# Need Expert Advice For Cabinets and PSU



## pratyush997 (May 7, 2012)

Hello Folks,
I need to buy a PSU and Cabinet for my *gaming* Rig.
I Have narrowed down to 
Cabinet-->*NZXT Gamma*
PSU/SMPS-->*SeaSonic S12II 620W*
*All Suggestion are welcomed!!!*
Please Advice !!!!


----------



## thetechfreak (May 7, 2012)

And what is the configuration of your gaming rig? Anyways the components you mentioned is enough for most configs


----------



## pratyush997 (May 7, 2012)

thetechfreak said:


> And what is the configuration of your gaming rig?
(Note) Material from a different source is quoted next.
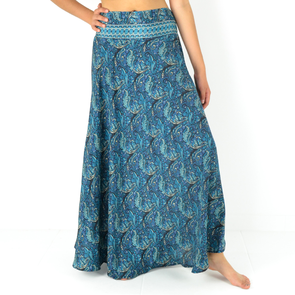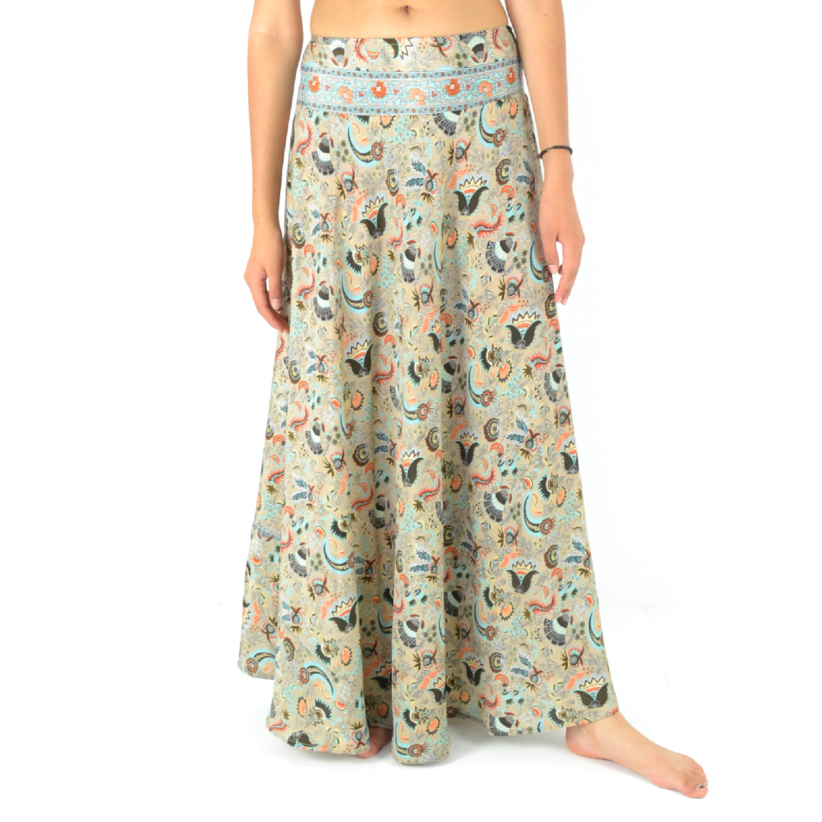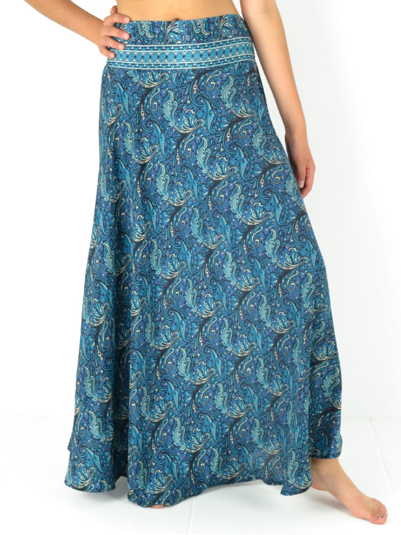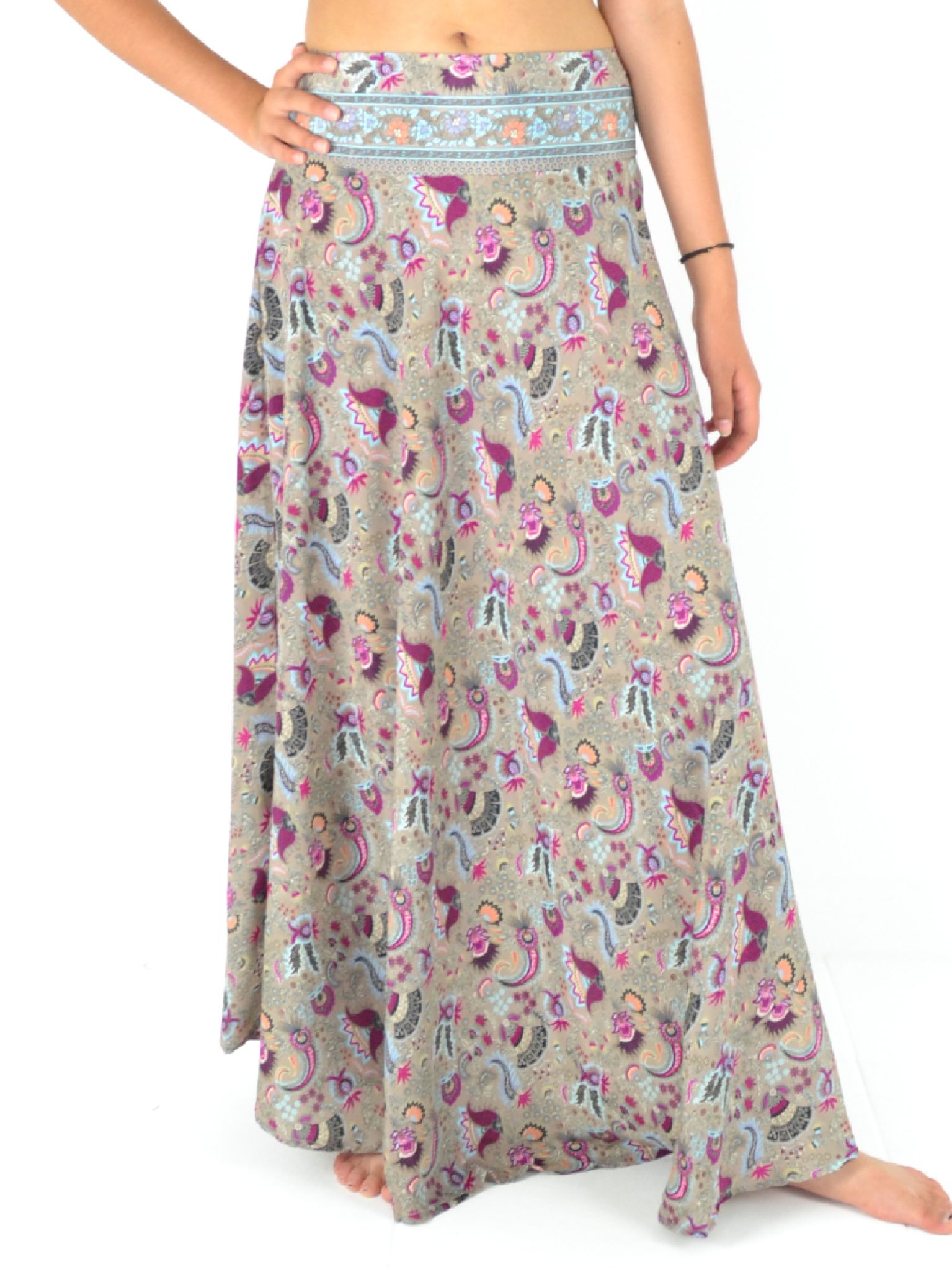 Découvrez notre jupe longue fluide en 100% polyester, ultra-confortable grâce à sa taille élastiquée et son style évasé !

Anyways the components you mentioned is enough for most configs


Intel 3.3 GHz LGA 1155 Core i5-2500K Processor
Asrock Z77 Extreme 4
GigaByte GV-R 7850 OC-2GD
G.Skill RipjawsX DDR3 8 GB (2 x 4 GB) PC RAM (F3-12800CL9D-8GBXL)
SeaSonic S12 II 620W 
WB Cavair Blue 500 GB
Microsoft Wired Desktop 600 USB 2.0 Keyboard (Black)
NZXT Gamma
Cooler Master XtraFlo Cooler
Cooler Master Hyper 212 EVO Cooler
BenQ G 2222 HDL Full HD LED 21.5"
Total-->52k(EXcluding Monitor) 
Does it rockzz


----------



## devx (May 7, 2012)

your SMPS choice is perfect but what you prefer in CHASIS ? i mean cooling / looks / etc., you are spending so less on cabinet and you got an very good rig., doesn't want to show-up ? mention your budget for cabinet please.


----------



## pratyush997 (May 7, 2012)

devx said:


> your SMPS choice is perfect but what you prefer in CHASIS ? i mean cooling / looks / etc., you are spending so less on cabinet and you got an very good rig., doesn't want to show-up ? mention your budget for cabinet please.
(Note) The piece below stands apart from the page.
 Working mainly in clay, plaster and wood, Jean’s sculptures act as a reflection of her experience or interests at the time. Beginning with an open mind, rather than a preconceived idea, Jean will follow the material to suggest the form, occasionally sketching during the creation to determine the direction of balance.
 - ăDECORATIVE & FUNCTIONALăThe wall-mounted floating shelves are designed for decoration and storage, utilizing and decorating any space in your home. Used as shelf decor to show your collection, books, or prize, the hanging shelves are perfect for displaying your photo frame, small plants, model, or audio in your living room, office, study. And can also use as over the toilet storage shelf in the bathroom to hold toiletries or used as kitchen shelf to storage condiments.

I Don't wish to Spend more than 2.5 on cabinet cuz I Already Overshot my Budget by around 7k. As for Show off Dear *Koolent* Advised me to get NZXT M59 Side window panel
How Does it look??


----------



## koolent (May 7, 2012)

Go to the NZXT website and look at it..


----------



## pratyush997 (May 7, 2012)

koolent said:


> Go to the NZXT website and look at it..
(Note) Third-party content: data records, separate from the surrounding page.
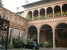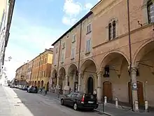The Palazzo Fontanelli Sacrati, also known as the Palazzo Terrachini or Terracini or just Sacrati, is a Gothic and Renaissance-style palace with a main facade located on Via Emilia San Pietro #27 in the historic center of the town of Reggio Emilia, region of Emilia Romagna, in Italy. It is now used for private and cultural events.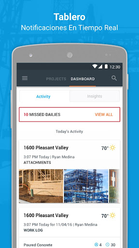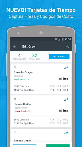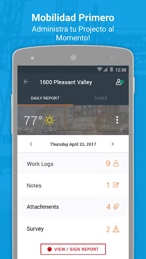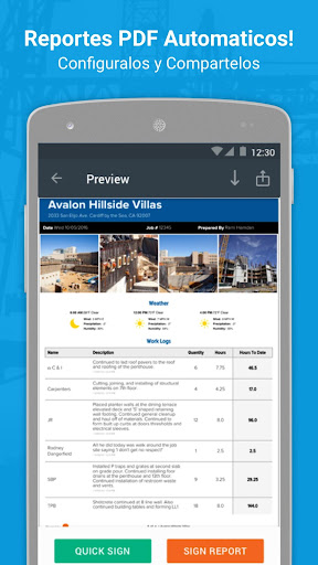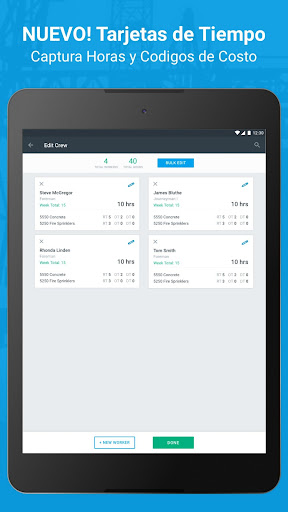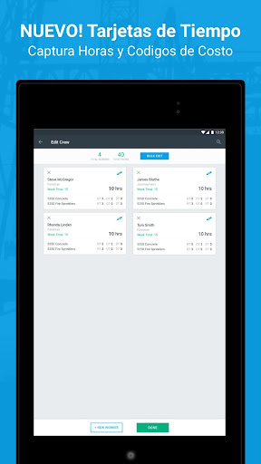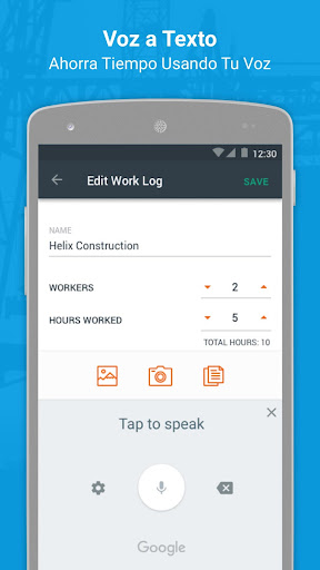 Trabajadores como Superintendentes, Supervisores de Obra, Gerentes de Proyecto y Inspectores de Construcción pueden escribir o dictar información directamente desde el teléfono o tableta mientras estén en la obra. Agregue y divida las horas de los empleos y cuadrillas, capture y actualice códigos de costes en segundos, y envíelo automáticamente a la oficina para generar una nómina de costes. Directores de proyecto, estimadores y dueños pueden ver el progreso de horas presupuestadas para mantener su proyecto debajo del presupuesto. Añada fotos, vídeos y archivos adjuntos a su reporte. Al final del día… ¡envíelo desde su teléfono o tableta!
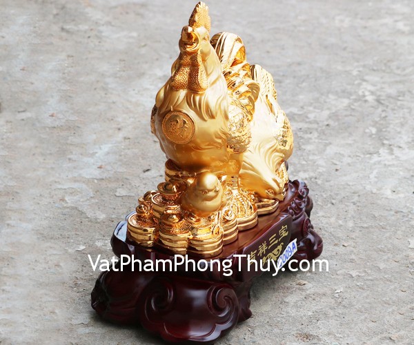 + Ý nghĩa: Cát Tường Tam Bảo. Tượng gà phong thủy có tác dụng thu hút tài lộc cho gia chủ, gà phong thủy báo hiệu nhiều may mắn, nhiều điều tốt đẹp cho ngày mới, và giúp người sử dụng luôn giữ được thế vững vàng trong công việc và cuộc sống, gia đình gà tượng trưng cho sự sum vầy, sung túc.

I saw it it looks cool bro--  Thanks for the advice


----------



## devx (May 7, 2012)

^^ That's cool., you should have mentioned the model " M59 " amigo.,


----------



## koolent (May 7, 2012)

^Anytime bros

Actually, when I was thinking about making this cabinet more classy so I thought about it and got that the Dimentions of the panels must be the same as NZXT Gamma, so I researched and got that NZXT M59 has the same side panel dimentions. So. I suggestet. .


----------



## pratyush997 (May 7, 2012)

koolent said:


> ^Anytime bros
> 
> Actually, when I was thinking about making this cabinet more classy so I thought about it and got that the Dimentions of the panels must be the same as NZXT Gamma, so I researched and got that NZXT M59 has the same side panel dimentions. So. I suggestet. .


It really looks cool bro


----------



## koolent (May 8, 2012)

When you will get some LED Strips to light your cabinet, it will look even better..


----------



## topgear (May 8, 2012)

^^ is there any step by step tutorial for doing this ? some links would be really nice


----------



## d6bmg (May 8, 2012)

^ Or simply buy NZXT LED strips.


----------



## koolent (May 8, 2012)

topgear said:


> ^^ is there any step by step tutorial for doing this ? some links would be really nice



Its simple, many manyfacturers like: Sunbeam, NZXT etc. Manufacture readymade LED strips which are really low on power and give really good light, you just apply them and connect the connector to your Molex connector and its done..!


----------



## topgear (May 9, 2012)

^^ thanks guys for the info  - any idea about where are they available ?


----------



## pratyush997 (May 9, 2012)

^^You can Buy *NZXT Gamma* Over here.


----------



## koolent (May 9, 2012)

@OP-He is talking about the LEDs. 

@Topgear- Never bought any, must be availible at PrimeABGB, they usally stock these items..


----------



## topgear (May 10, 2012)

^^ yep, primeabgb has some moding items and this is what available close to LED strip 

Sunbeam Liquid Neon Spiral Pattern

if flipkart starts stocking some modding stuff I'll get some for sure.


----------



## pratyush997 (May 10, 2012)

All Cabinet modification Including LEDs can be found here


----------



## topgear (May 11, 2012)

^^ thanks for the link ... they have NZXT LED strip at a little over Rs. 800.


----------



## d6bmg (May 11, 2012)

topgear said:


> if flipkart starts stocking some modding stuff I'll get some for sure.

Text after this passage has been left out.